WHAT TO WORK ON: Give back exactly the lines of the material below, starting with the line with "Με καταμετρημένο το" and going on through the line with "Figure 7 also".

DATASET CONTENT:
⁂
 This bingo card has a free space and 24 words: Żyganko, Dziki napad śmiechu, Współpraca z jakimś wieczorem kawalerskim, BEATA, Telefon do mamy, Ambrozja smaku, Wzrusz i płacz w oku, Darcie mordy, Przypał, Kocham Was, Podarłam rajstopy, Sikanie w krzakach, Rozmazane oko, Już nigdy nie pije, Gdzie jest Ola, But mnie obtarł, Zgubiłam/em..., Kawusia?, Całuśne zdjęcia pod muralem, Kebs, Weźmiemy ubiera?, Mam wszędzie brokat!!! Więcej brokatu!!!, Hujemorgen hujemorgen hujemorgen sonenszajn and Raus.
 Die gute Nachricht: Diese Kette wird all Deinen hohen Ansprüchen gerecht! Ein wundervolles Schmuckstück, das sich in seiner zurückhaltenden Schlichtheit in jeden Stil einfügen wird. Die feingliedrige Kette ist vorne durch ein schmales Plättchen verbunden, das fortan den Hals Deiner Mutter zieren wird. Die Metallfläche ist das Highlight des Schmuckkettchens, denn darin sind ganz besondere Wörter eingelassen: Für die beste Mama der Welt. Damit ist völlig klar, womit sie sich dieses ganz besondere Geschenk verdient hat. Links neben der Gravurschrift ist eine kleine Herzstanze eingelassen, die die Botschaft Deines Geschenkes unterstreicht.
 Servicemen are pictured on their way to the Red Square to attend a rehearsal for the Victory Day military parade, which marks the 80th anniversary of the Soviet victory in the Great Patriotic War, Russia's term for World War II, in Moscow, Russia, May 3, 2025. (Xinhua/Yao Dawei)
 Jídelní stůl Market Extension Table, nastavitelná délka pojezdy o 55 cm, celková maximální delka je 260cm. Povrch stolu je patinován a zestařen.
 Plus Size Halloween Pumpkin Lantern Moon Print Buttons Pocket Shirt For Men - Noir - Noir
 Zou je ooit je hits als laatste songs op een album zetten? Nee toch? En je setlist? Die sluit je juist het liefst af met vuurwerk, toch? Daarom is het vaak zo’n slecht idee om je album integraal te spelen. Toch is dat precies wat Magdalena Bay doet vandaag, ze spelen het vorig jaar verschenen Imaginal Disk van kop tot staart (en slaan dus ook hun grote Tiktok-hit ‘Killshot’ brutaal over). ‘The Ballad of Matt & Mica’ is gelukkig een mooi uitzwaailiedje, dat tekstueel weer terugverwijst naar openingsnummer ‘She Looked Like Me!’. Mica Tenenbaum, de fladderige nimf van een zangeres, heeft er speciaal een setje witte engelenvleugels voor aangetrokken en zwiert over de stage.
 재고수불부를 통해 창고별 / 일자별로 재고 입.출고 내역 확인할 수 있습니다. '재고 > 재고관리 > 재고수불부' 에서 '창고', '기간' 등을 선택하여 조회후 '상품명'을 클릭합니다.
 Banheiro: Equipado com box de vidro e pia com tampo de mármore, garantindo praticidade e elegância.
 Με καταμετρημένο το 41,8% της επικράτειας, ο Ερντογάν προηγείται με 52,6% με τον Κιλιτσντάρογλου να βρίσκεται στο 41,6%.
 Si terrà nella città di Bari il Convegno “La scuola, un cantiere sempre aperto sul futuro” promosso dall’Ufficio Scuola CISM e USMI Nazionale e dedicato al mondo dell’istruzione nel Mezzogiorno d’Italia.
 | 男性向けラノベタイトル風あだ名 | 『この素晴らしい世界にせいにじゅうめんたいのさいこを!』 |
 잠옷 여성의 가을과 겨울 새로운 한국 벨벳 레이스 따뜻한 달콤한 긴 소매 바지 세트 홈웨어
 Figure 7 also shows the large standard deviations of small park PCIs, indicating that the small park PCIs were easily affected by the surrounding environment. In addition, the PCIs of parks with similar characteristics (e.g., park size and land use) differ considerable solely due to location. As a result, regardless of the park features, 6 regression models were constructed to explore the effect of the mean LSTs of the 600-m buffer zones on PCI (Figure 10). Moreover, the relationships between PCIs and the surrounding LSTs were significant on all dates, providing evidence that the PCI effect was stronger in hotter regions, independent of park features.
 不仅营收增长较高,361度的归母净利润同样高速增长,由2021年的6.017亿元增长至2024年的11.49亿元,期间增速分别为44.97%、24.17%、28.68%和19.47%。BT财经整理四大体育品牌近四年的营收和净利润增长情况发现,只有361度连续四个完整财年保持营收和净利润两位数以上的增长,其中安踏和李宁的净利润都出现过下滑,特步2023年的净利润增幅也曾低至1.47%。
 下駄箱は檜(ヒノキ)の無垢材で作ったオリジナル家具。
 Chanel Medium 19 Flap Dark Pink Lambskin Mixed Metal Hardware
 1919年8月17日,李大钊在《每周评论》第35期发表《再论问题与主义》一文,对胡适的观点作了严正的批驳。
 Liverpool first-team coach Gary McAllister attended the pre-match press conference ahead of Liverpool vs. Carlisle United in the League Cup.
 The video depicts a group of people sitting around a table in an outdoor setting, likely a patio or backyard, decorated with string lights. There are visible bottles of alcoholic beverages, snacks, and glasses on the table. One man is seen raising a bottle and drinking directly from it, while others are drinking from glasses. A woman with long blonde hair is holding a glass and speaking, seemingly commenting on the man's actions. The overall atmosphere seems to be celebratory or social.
⁂
EXERCISE ANSWER:
 Με καταμετρημένο το 41,8% της επικράτειας, ο Ερντογάν προηγείται με 52,6% με τον Κιλιτσντάρογλου να βρίσκεται στο 41,6%.
 Si terrà nella città di Bari il Convegno “La scuola, un cantiere sempre aperto sul futuro” promosso dall’Ufficio Scuola CISM e USMI Nazionale e dedicato al mondo dell’istruzione nel Mezzogiorno d’Italia.
 | 男性向けラノベタイトル風あだ名 | 『この素晴らしい世界にせいにじゅうめんたいのさいこを!』 |
 잠옷 여성의 가을과 겨울 새로운 한국 벨벳 레이스 따뜻한 달콤한 긴 소매 바지 세트 홈웨어
 Figure 7 also shows the large standard deviations of small park PCIs, indicating that the small park PCIs were easily affected by the surrounding environment. In addition, the PCIs of parks with similar characteristics (e.g., park size and land use) differ considerable solely due to location. As a result, regardless of the park features, 6 regression models were constructed to explore the effect of the mean LSTs of the 600-m buffer zones on PCI (Figure 10). Moreover, the relationships between PCIs and the surrounding LSTs were significant on all dates, providing evidence that the PCI effect was stronger in hotter regions, independent of park features.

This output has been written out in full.